* **THE DATA**:
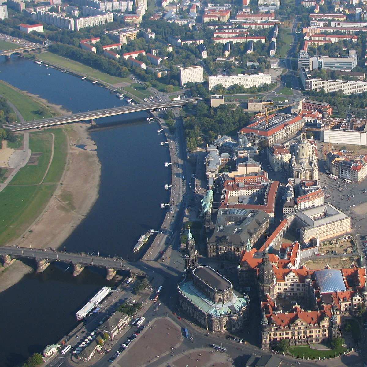 Dresden aerial photo City Augustus bridge across river Elbe cathedrale Church of Our Lady photo 2008 Wolfgang Pehlemann Germany HSBD4389
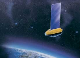 An artist's concept of Brilliant Pebbles
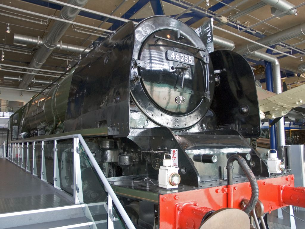 Editing Undertaken: Shadows/Highlights, Auto Levels, Unsharp Mask
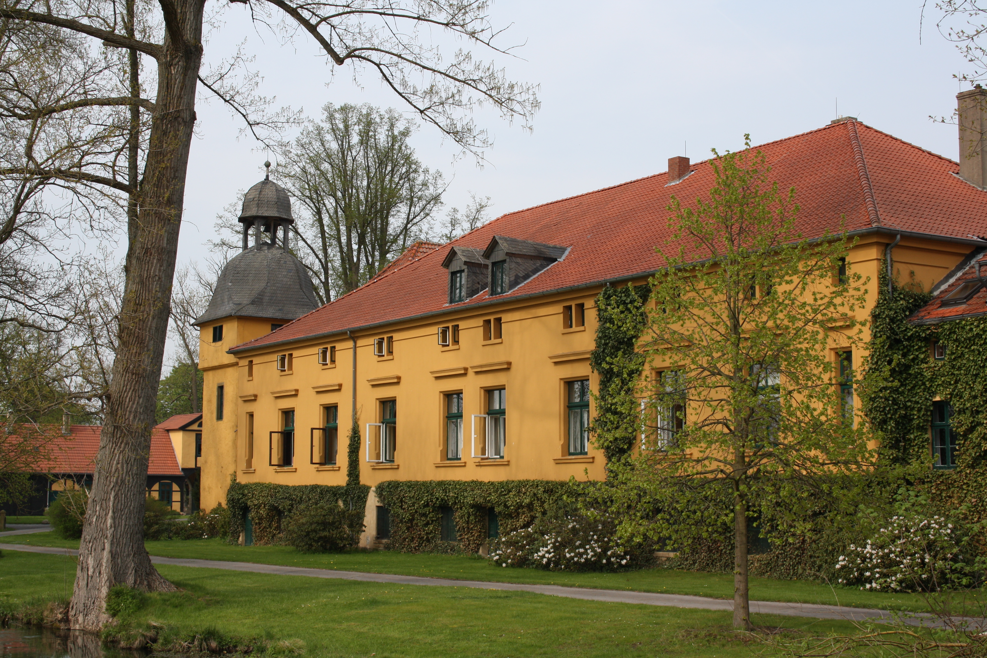 Böckel Castle in Rödinghausen, District of Herford, North Rhine-Westphalia, Germany.
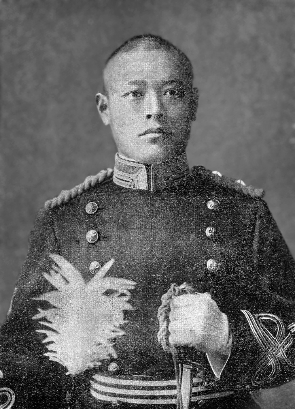 Portrait of Tokuda Kin'ichi (徳田金一, 1885 – 1913)
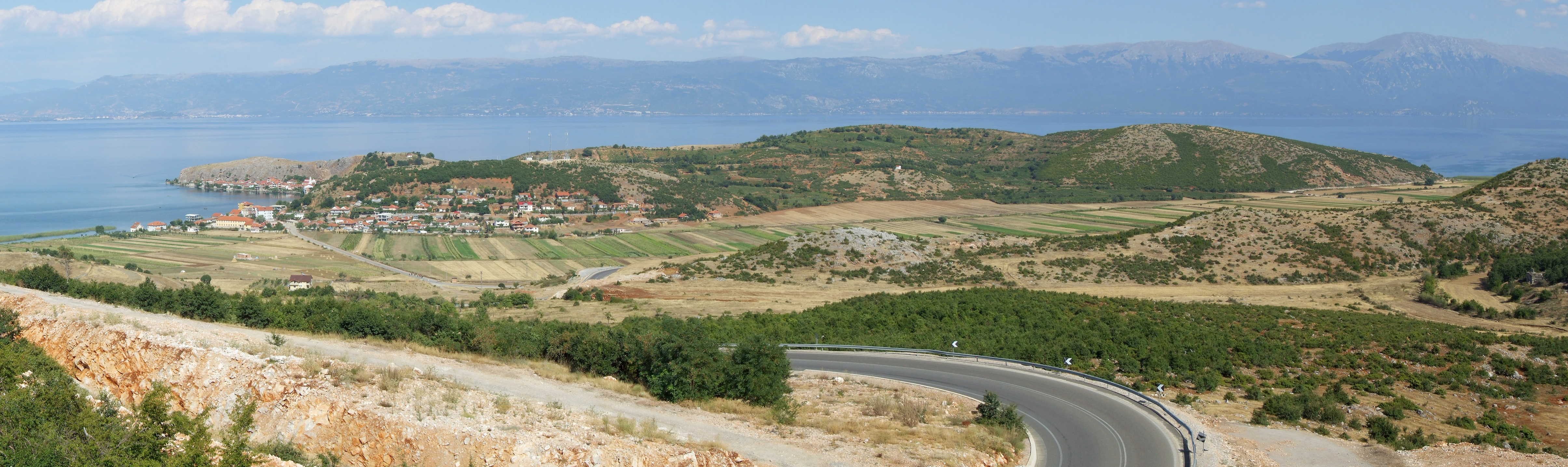 Albania - village Lin and Lake Ohrid.
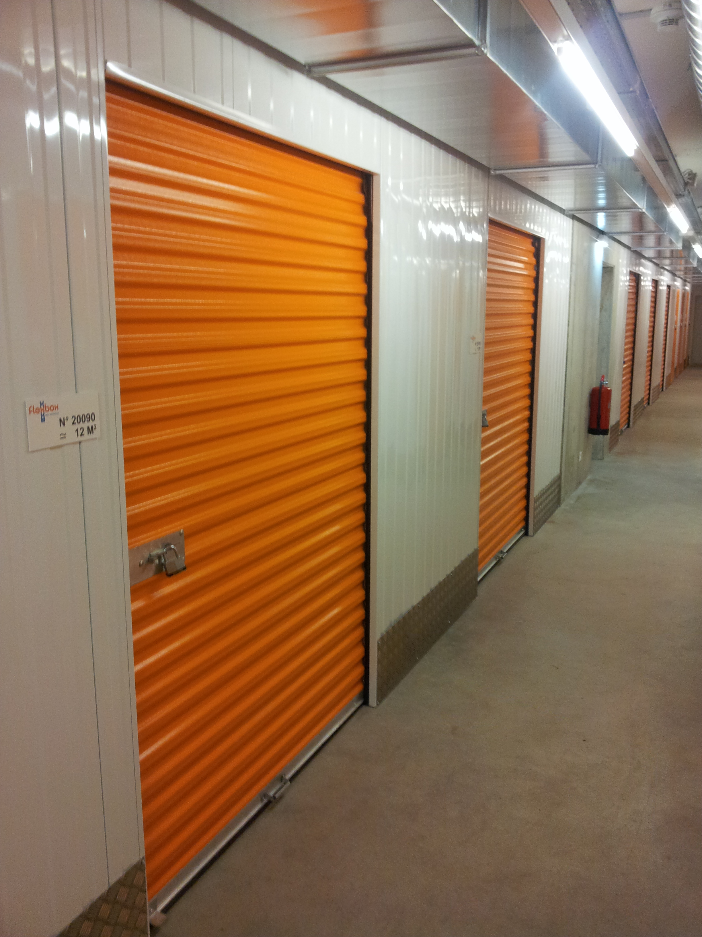 Photo d'une porte large qui s'enroule, assistée par des ressorts. Limite le poids de la porte et donne de l'espace pour le passage de meubles larges. (Position fermée)
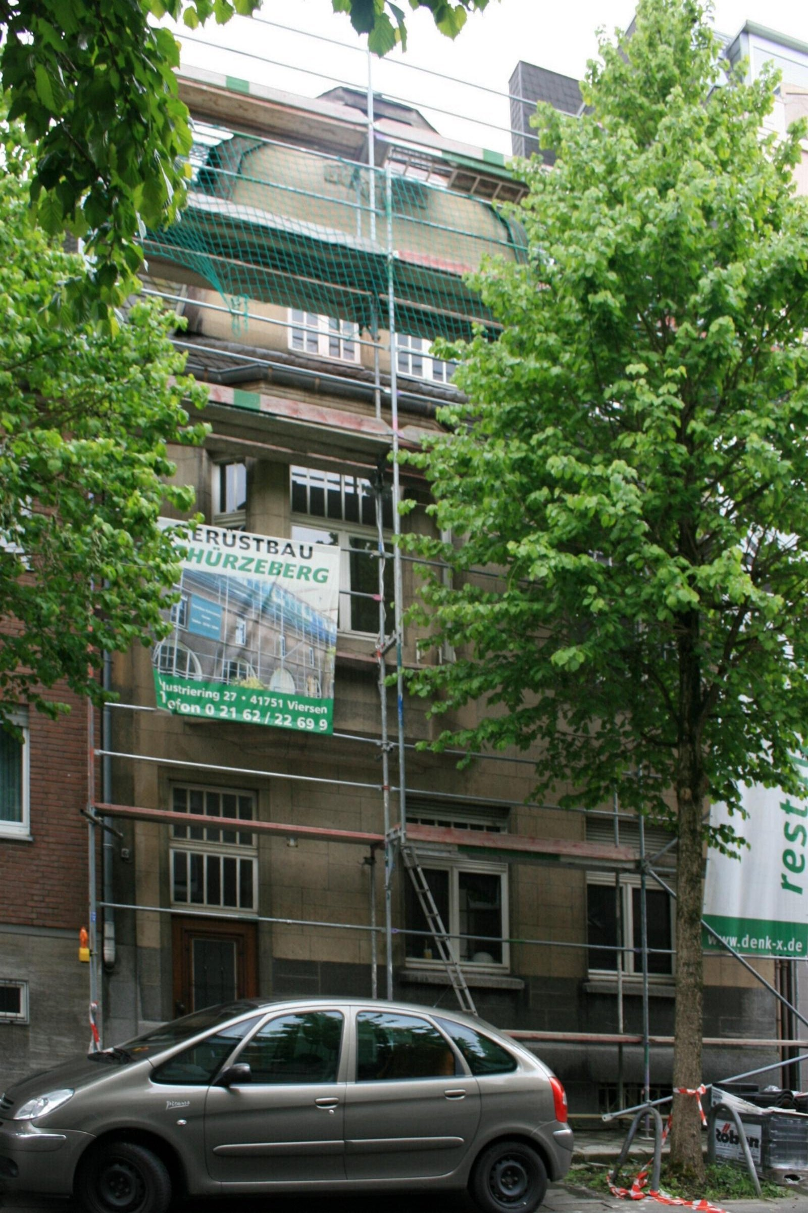 Cultural heritage monument No. B 151 in Mönchengladbach
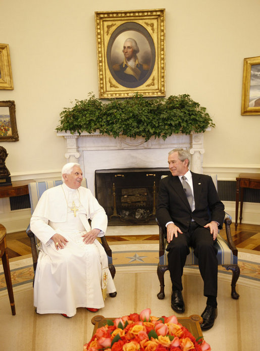 President George W. Bush and Pope Benedict XVI meet in the Oval Office Wednesday, April 16, 2008, following the Pope's welcoming ceremony on the South Lawn of the White House.
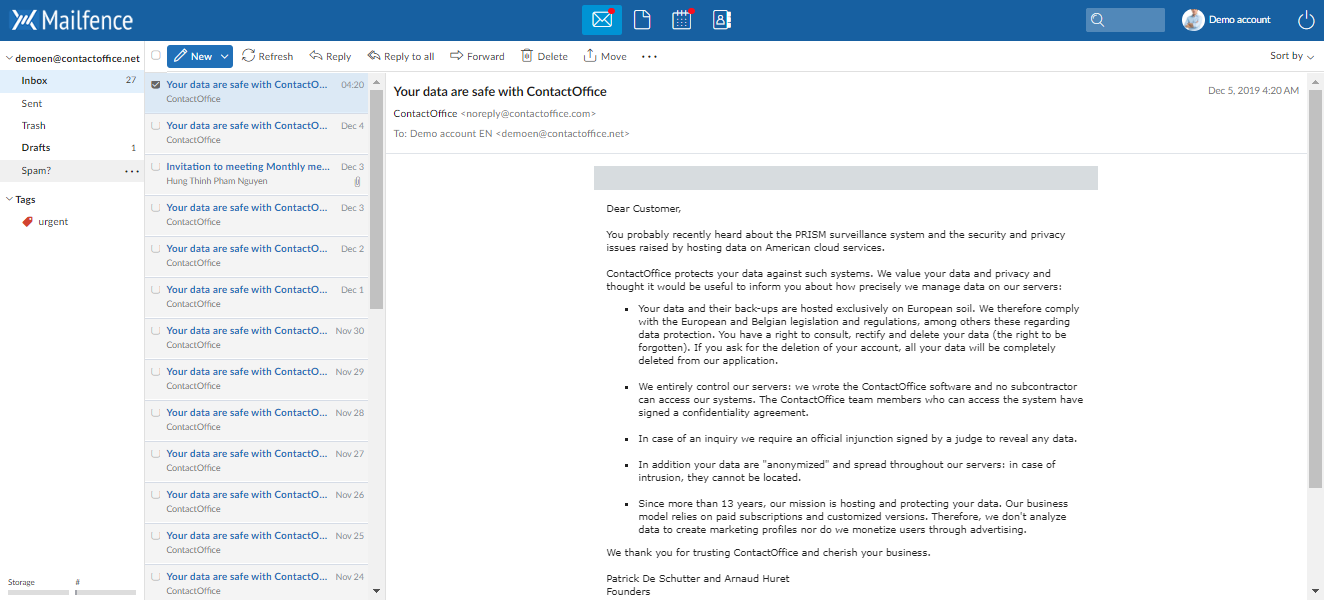 Showing the interface of user's mailbox

* **WHAT YOU NEED TO DO**: Nothing but the lines from the one containing "Cultural heritage monument" through the last line of the data should appear in the answer, copied exactly, with pictures excluded.

* **ANSWER SECTION**:
 Cultural heritage monument No. B 151 in Mönchengladbach
 President George W. Bush and Pope Benedict XVI meet in the Oval Office Wednesday, April 16, 2008, following the Pope's welcoming ceremony on the South Lawn of the White House.
 Showing the interface of user's mailbox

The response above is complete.